DATA ->
%%
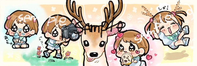 1 4 #はとたのご依頼 ヘッダー用イラスト‼️ シカ旅行満喫してるイメージをポップに描きました🫶 23/06/28 10:20
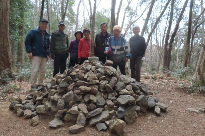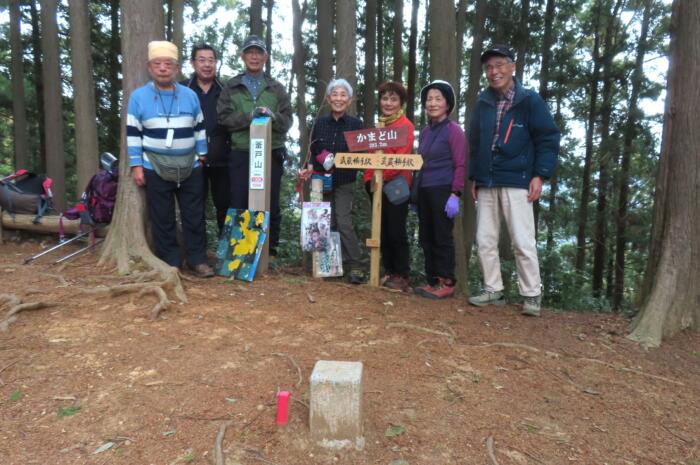 参加者と共にかまど山山頂にて 293.21m 山頂には鬼滅の刃グッツが置かれています
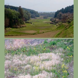 熊本からの帰り道♡ 野焼きの為 阿蘇を通れず、まわり道♪ 山あいの棚田♡素敵な光景♡大好きな景色♡ 枯れたススキと菜の花! 朝晩は冷え込み、日中は暖かな陽射し、 春と冬のせめぎ合い💕
%%
PROBLEM STATEMENT ->
What is needed is a word-for-word copy of the data, minus its pictures.

ANSWER TO THIS PROBLEM ->
 1 4 #はとたのご依頼 ヘッダー用イラスト‼️ シカ旅行満喫してるイメージをポップに描きました🫶 23/06/28 10:20
 参加者と共にかまど山山頂にて 293.21m 山頂には鬼滅の刃グッツが置かれています
 熊本からの帰り道♡ 野焼きの為 阿蘇を通れず、まわり道♪ 山あいの棚田♡素敵な光景♡大好きな景色♡ 枯れたススキと菜の花! 朝晩は冷え込み、日中は暖かな陽射し、 春と冬のせめぎ合い💕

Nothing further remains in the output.